Chancellor Rishi Sunak today warned of future cuts as the UK’s debt hit a new record high of £2.08trillion by the end of October. This equates to 100.8% of GDP, a figure not seen since the early 1960s.
The Chancellor of the Exchequer said that spending billions on the Covid response was justified but warned of tough times to come.
Rishi Sunak said: “We’ve provided over £200 billions of support to protect the economy, lives and livelihoods from the significant and far-reaching impacts of coronavirus.
This is the responsible thing to do, but it’s also clear that over time it’s right we ensure the public finances are put on a sustainable path.”
Nearly 5 million public sector workers pay will be frozen in 2021/22 which will be announced in the Chancellor’s spending review next Wednesday. The move affects those in jobs such as teachers, soldiers, police officers, civil servants and others although NHS workers would be exempt.
Public sector pay is already behind where it was a decade ago if you take inflation in to account due to years of austerity.
The claims have not been denied by the Treasury.

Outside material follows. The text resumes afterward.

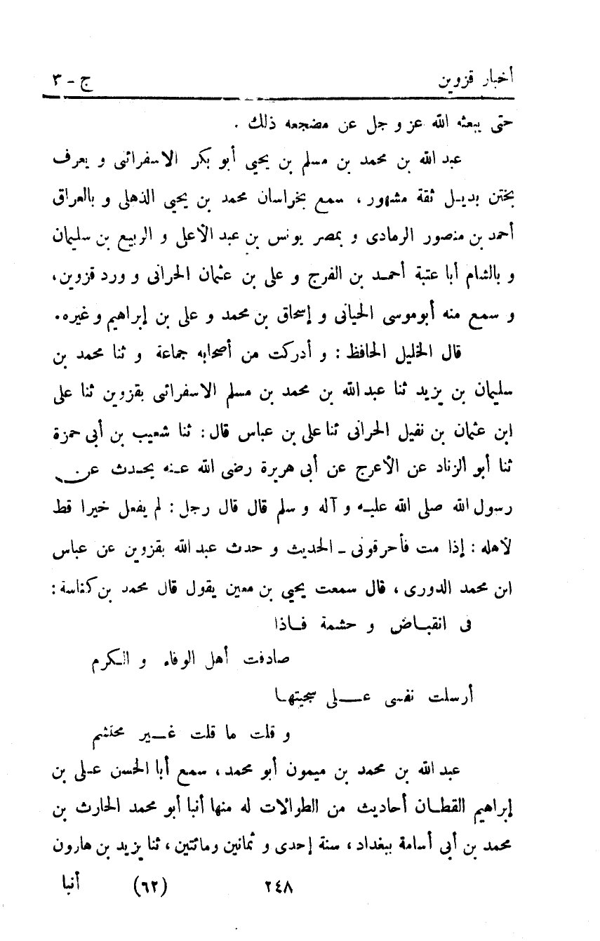 قَالَ الْخَلِيلُ الْحَافِظُ وَأَدْرَكْتُ مِنْ أَصْحَابِهِ جَمَاعَةً وَثَنَا مُحَمَّدُ بْنُ سُلَيْمَانَ بْنِ يَزِيدَ ثنا عَبْدُ اللَّهِ بْنُ محمد بن مسلم الاسفرائني بقزوين ثنا على ابن عُثْمَانَ بْنِ نُفَيْلٍ الْحَرَّانِيُّ ثَنَا عَلِيُّ بْنُ عَبَّاسٍ قَالَ ثَنَا شُعَيْبُ بْنُ أَبِي حَمْزَةَ ثَنَا أَبُو الزِّنَادِ عَنِ الأَعْرَجِ عَنْ أَبِي هُرَيْرَةَ رَضِيَ اللَّهُ عَنْهُ يُحَدِّثُ عَنْ رَسُولِ اللَّهِ صَلَّى اللَّه عليه وآله وسلم قَالَ: "قَالَ رَجُلٌ لَمْ يَفْعَلْ خَيْرًا قَطُّ لأَهْلِهِ إِذَا مِتُّ فَأحْرِقُونِي" الْحَدِيثَ وحدث عَبْد اللَّهِ بقزوين عن عباس ابن محمد الدوري قَالَ سمعت يحيى بْن معين يقول قَالَ محمد بْن كناسة:

In July, the Chancellor warned that public sector pay would need to keep “parity” with private sector wages which have dropped during the Covid crisis.

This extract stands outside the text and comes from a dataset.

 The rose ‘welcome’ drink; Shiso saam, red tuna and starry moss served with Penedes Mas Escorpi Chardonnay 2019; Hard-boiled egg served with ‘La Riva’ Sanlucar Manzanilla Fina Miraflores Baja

The Chancellor wrote: “In the interest of fairness we must exercise restraint in future public sector pay awards, ensuring that, across this year and the spending review period, public sector pay levels retain parity with the private sector.”
The Office for National Statistics (ONS) declared that borrowing for the first seven months of the financial year was £214.9 billion which is the highest since records began in 1993.
October borrowing, with the exception of state-owned banks, was also at its peak and showed a £10.8 billion hike from last year and the sixth highest month of borrowing since records began.
Borrowing in November could rise after the second national lockdown for England caused the reinstatement of the furlough scheme.